The Semantic RAG pipeline builds an enterprise knowledge graph from Salesforce FDW metadata, business policies, workflow definitions, and integration mappings. It produces two stores:

pgvector (control_plane_embeddings) — vector embeddings for semantic search
Apache AGE (enterprise_onto graph) — nodes and edges for dependency traversal

The AI Copilot uses both stores via hybrid retrieval (vector + graph expansion) to answer questions with full business context: schemas, policies, workflows, integration dependencies, and approval rules.

Architecture¶

┌──────────────────────────────────────────────────────────────────┐
│                    Enterprise Knowledge Seed Data                 │
│                                                                  │
│  schema.yaml    policies/*.md    workflows/*.yaml    integrations │
│  (FDW overlay)  (business rules) (process flows)    (field sync)  │
└───────┬──────────────┬──────────────┬──────────────┬─────────────┘
        │              │              │              │
        ▼              ▼              ▼              ▼
┌──────────────────────────────────────────────────────────────────┐
│                    Extraction Layer (Step 1-4)                    │
│                                                                  │
│  FDWExtractor      PolicyExtractor   WorkflowExtractor           │
│  (schema.yaml      (Markdown/PDF)    (YAML/JSON)                 │
│   overlay)                            IntegrationExtractor        │
│                                       (YAML/JSON)                │
└───────┬──────────────┬──────────────┬──────────────┬─────────────┘
        │              │              │              │
        └──────────────┴──────────┬───┴──────────────┘
                                  ▼
┌──────────────────────────────────────────────────────────────────┐
│  Normalizer (Step 5)                                             │
│  Deduplicate by doc.id, merge relationships, build OntoBundle    │
└─────────────────────────────────┬────────────────────────────────┘
                                  ▼
┌──────────────────────────────────────────────────────────────────┐
│  Enricher (Step 6)                                               │
│  Schema: auto-enrich from metadata (no LLM cost)                 │
│  Policy/Workflow/Integration: LLM enrichment (gpt-4o-mini)       │
└─────────────────────────────────┬────────────────────────────────┘
                                  ▼
┌──────────────────────────────────────────────────────────────────┐
│  Chunker + Embedder (Step 7)                                     │
│  1 OntoDocument = 1 semantic chunk                               │
│  Embed with text-embedding-3-small (1536 dimensions)             │
└────────────┬────────────────────────────────┬────────────────────┘
             ▼                                ▼
┌─────────────────────────┐    ┌─────────────────────────────────┐
│  Vector Loader (Step 8) │    │  Graph Loader (Step 9)          │
│  pgvector upsert        │    │  Apache AGE Cypher MERGE        │
│  control_plane_         │    │  enterprise_onto graph          │
│  embeddings table       │    │  Entity nodes + typed edges     │
└─────────────────────────┘    └─────────────────────────────────┘
             │                                │
             ▼                                ▼
┌──────────────────────────────────────────────────────────────────┐
│  Validator (Step 10)                                             │
│  10 black-box test scenarios, 6 scoring dimensions               │
│  Target: avg score ≥ 5.0 for production readiness                │
└──────────────────────────────────────────────────────────────────┘

Pipeline Steps¶

Step 1: Extract FDW Metadata¶

File: extractors/fdw_extractor.py — FDWExtractor

Connects to PostgreSQL via FDWConfig and FDWDiscoveryService.
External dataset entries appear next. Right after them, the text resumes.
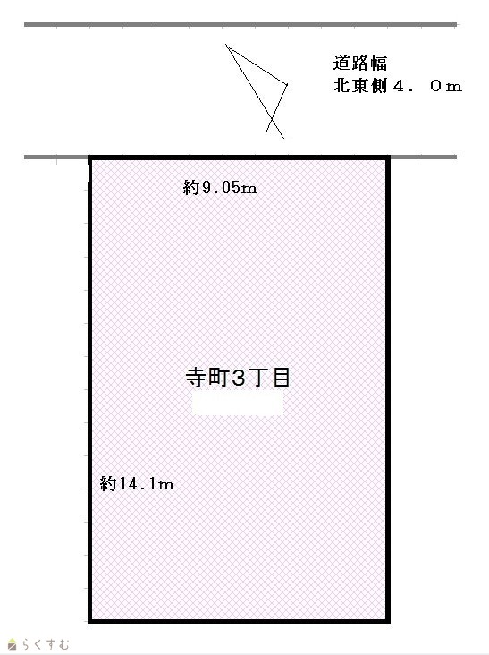 | 形状 | 間口 9.04m × 奥行 14.1m | 道路 | 北東側 約4.0m |
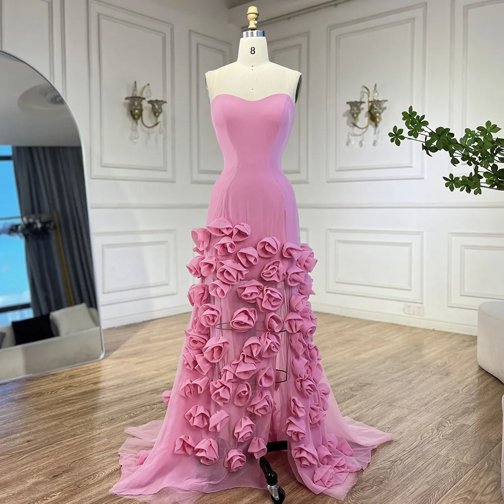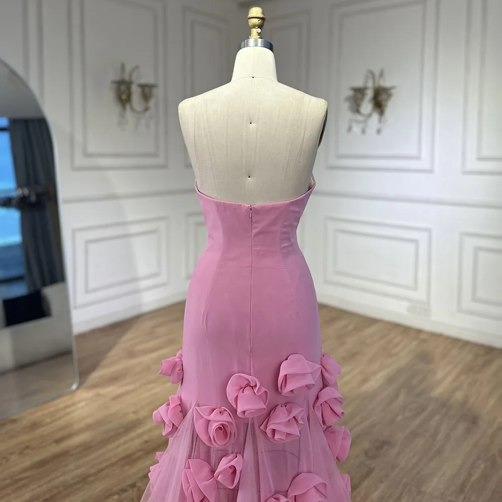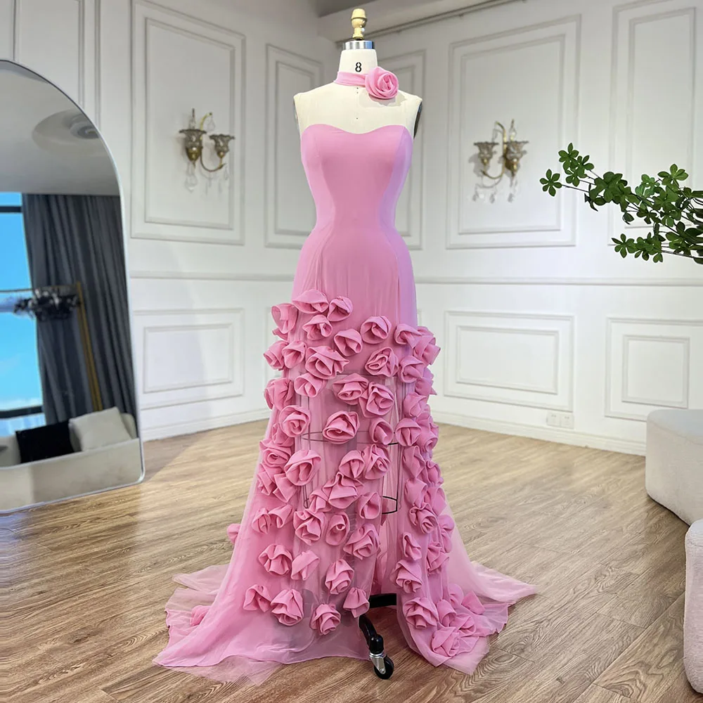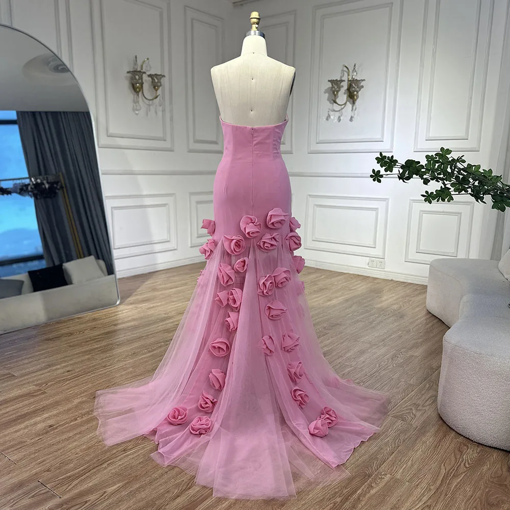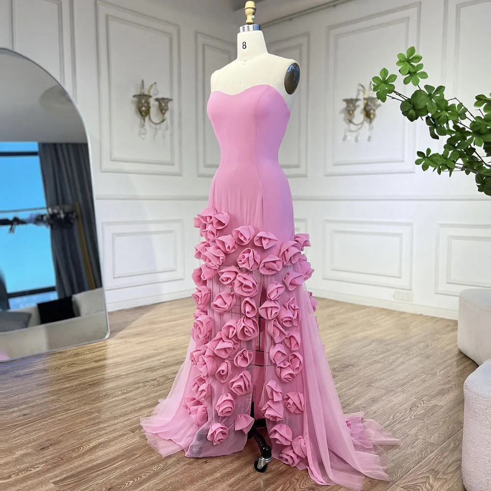 Serene Hill Meerjungfrau Abendkleid für Mädchen Arabisch Rosa 3D Blumen Elegantes schulterfreies Kleid Seitlicher Schlitz Abschlussball Partykleider LA72568
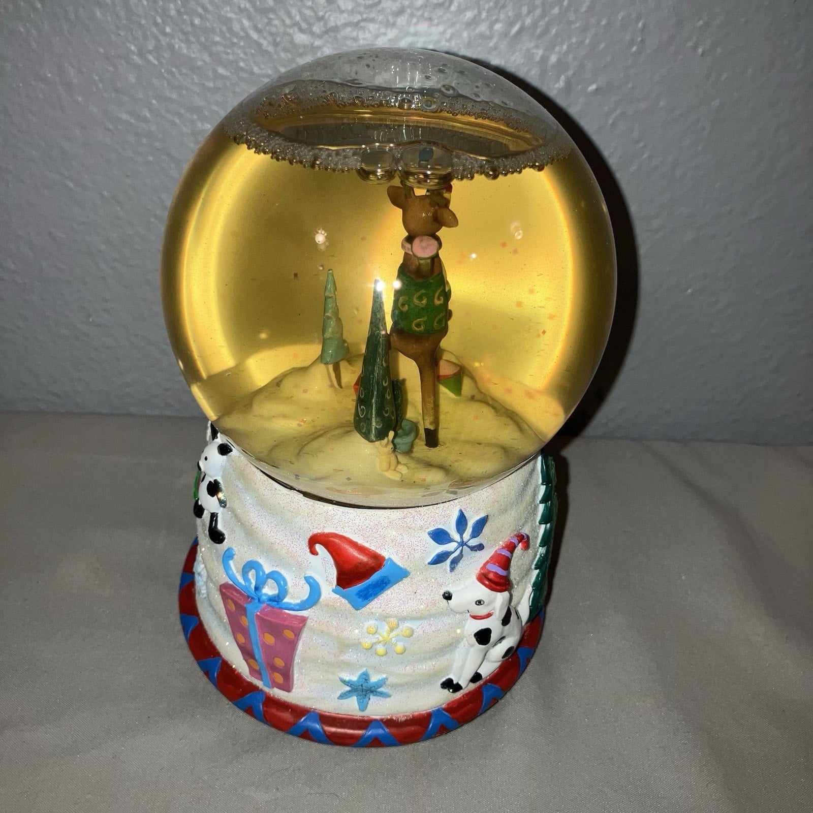Christmas San Francisco Music Box Company Juggling Reindeer Water Snow Globe
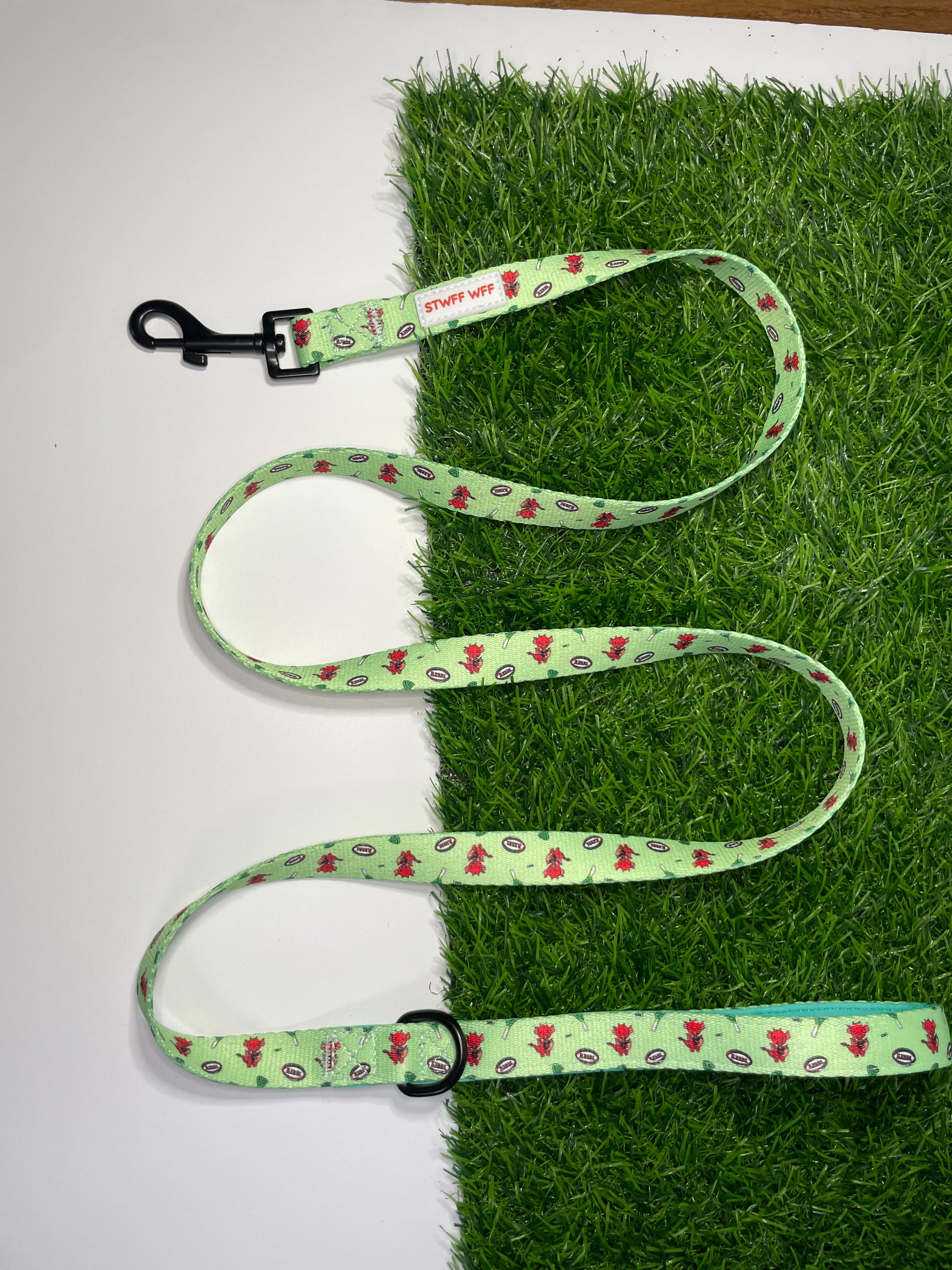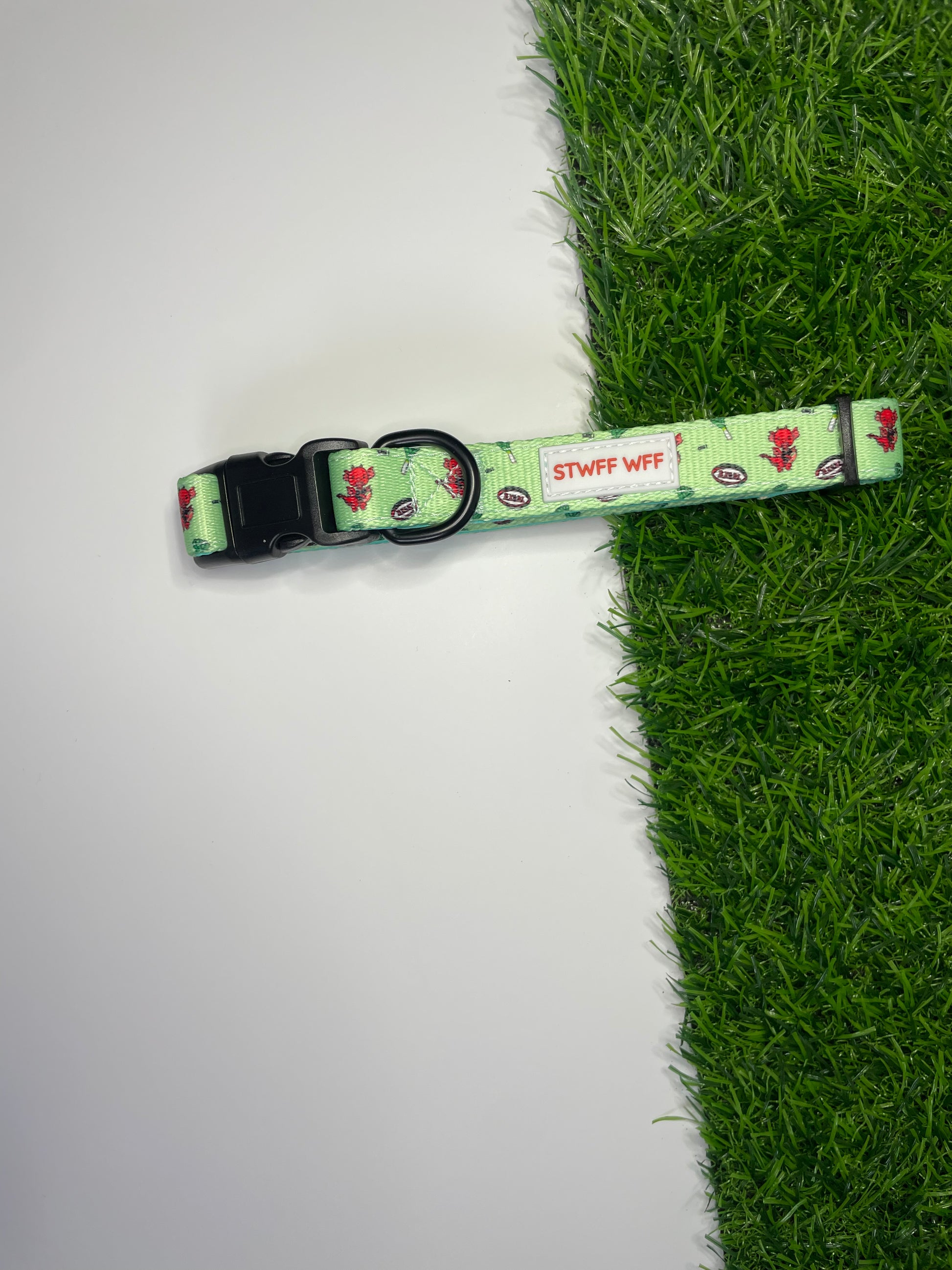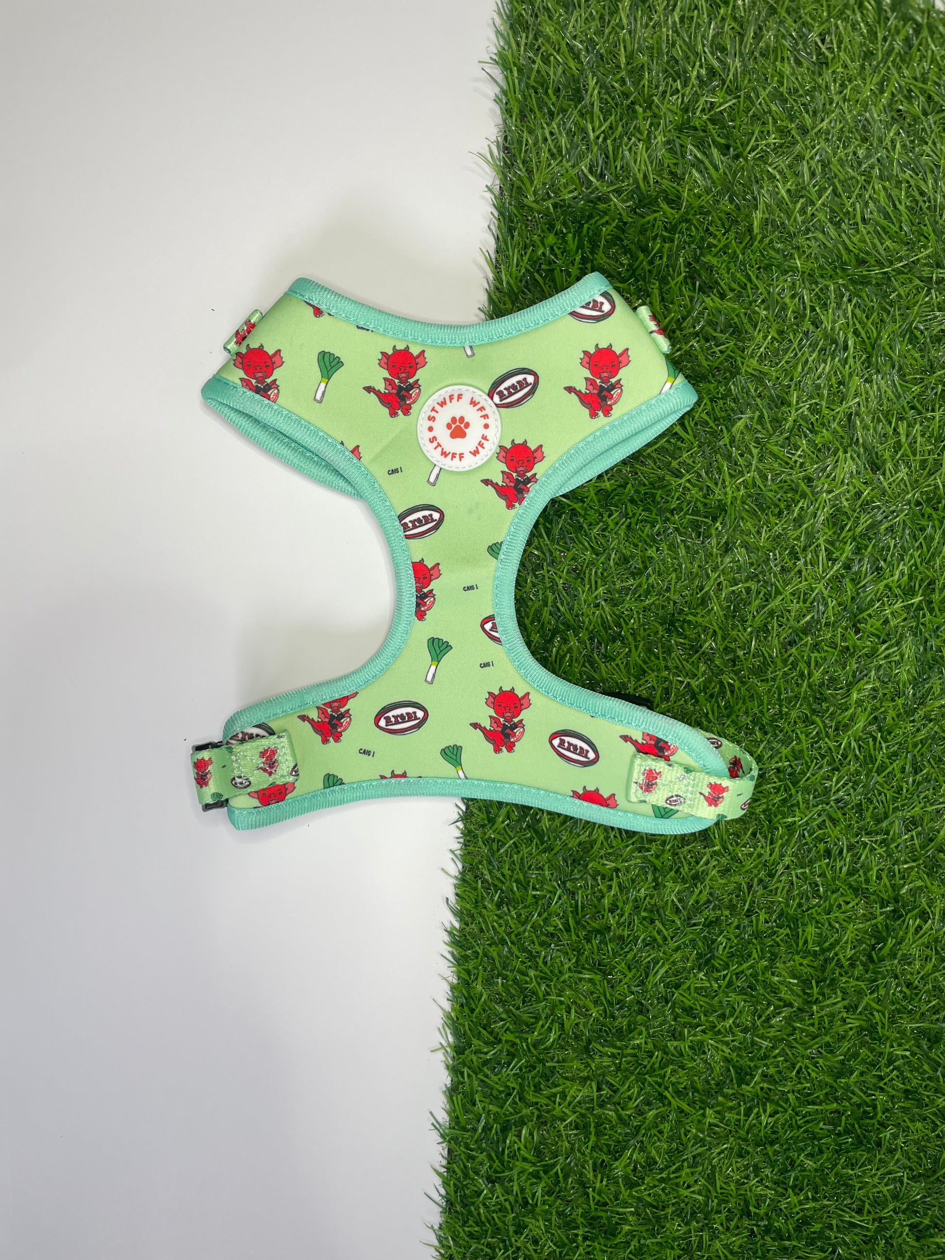 Set o 3 item sy'n cynnwys - Harnes, Coler ac tennyn hefo dyluniad rygbi, y ddraig goch ac cennin ar cefndir gwyrdd golau.
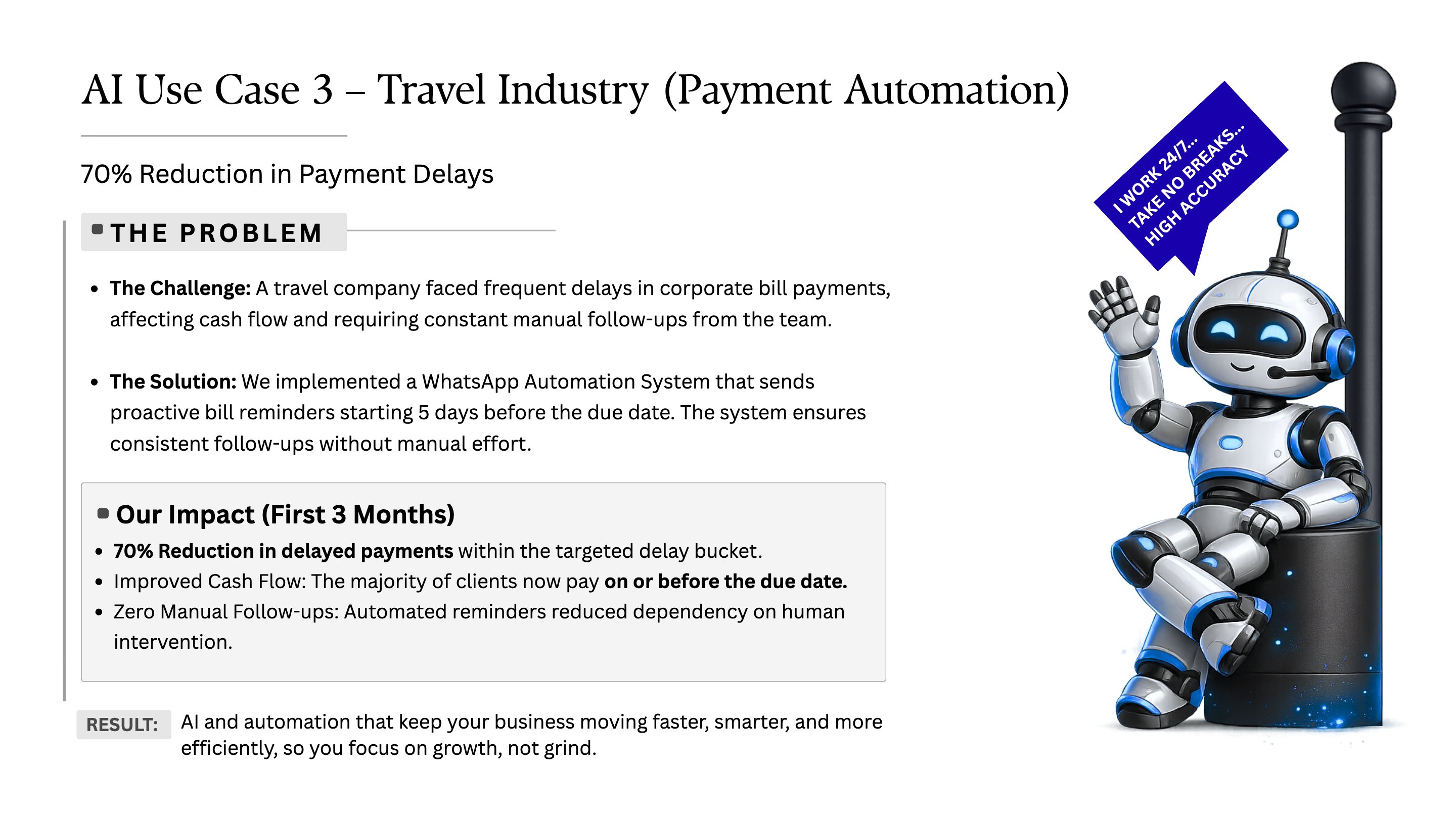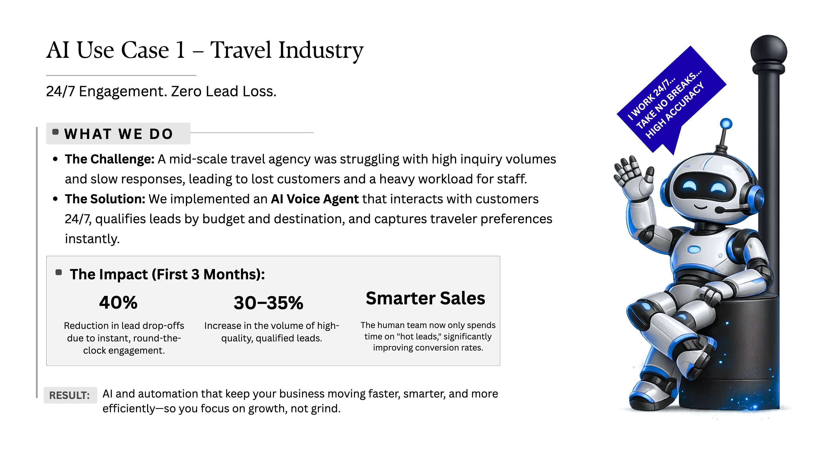 This presentation highlights Indiiserve.ai's capabilities in leveraging AI to streamline business processes. It details specific use cases, primarily within the travel industry and sales analytics, demonstrating how their solutions—such as AI voice agents, call analytics, and WhatsApp automation—reduce manual effort, improve lead qualification, and accelerate conversions.

Lists all foreign servers, tables, and columns. For each table, creates an OntoDocument with: - category = "schema", entity_type = "Schema" - content = table name, server, column list - structured_metadata = schema, server, column_count, columns array

Schema Overlay (enterprise-knowledge/schema.yaml): - Loaded on extraction start - Enriches matched tables with semantic descriptions, key field annotations, risk levels - Creates OntoRelationship objects for cross-entity edges (triggers, syncs_to, constrained_by, depends_on) - Generates virtual entities for Oracle ERP tables not in FDW

Output: ~1664 OntoDocuments (1661 FDW tables + 3 virtual Oracle entities), with relationships on key tables.

Step 2: Extract Policy Documents¶

File: extractors/policy_extractor.py — PolicyExtractor

Parses Markdown, PDF, and text files from enterprise-knowledge/policies/. Markdown files are split by ## headings — each section becomes a separate OntoDocument.

Current seed data: - credit-policy.md → ~8 sections (source of truth, thresholds, close window, audit) - close-window-policy.md → ~6 sections (schedule, restricted ops, SOX, override) - rbac-policy.md → ~5 sections (roles, override auth, field access, separation of duties)

Output: ~21 OntoDocuments (category = "policy").

Step 3: Extract Workflow Definitions¶

File: extractors/workflow_extractor.py — WorkflowExtractor

Parses YAML workflow definitions from enterprise-knowledge/workflows/. Each file can contain a single workflow or a workflows array.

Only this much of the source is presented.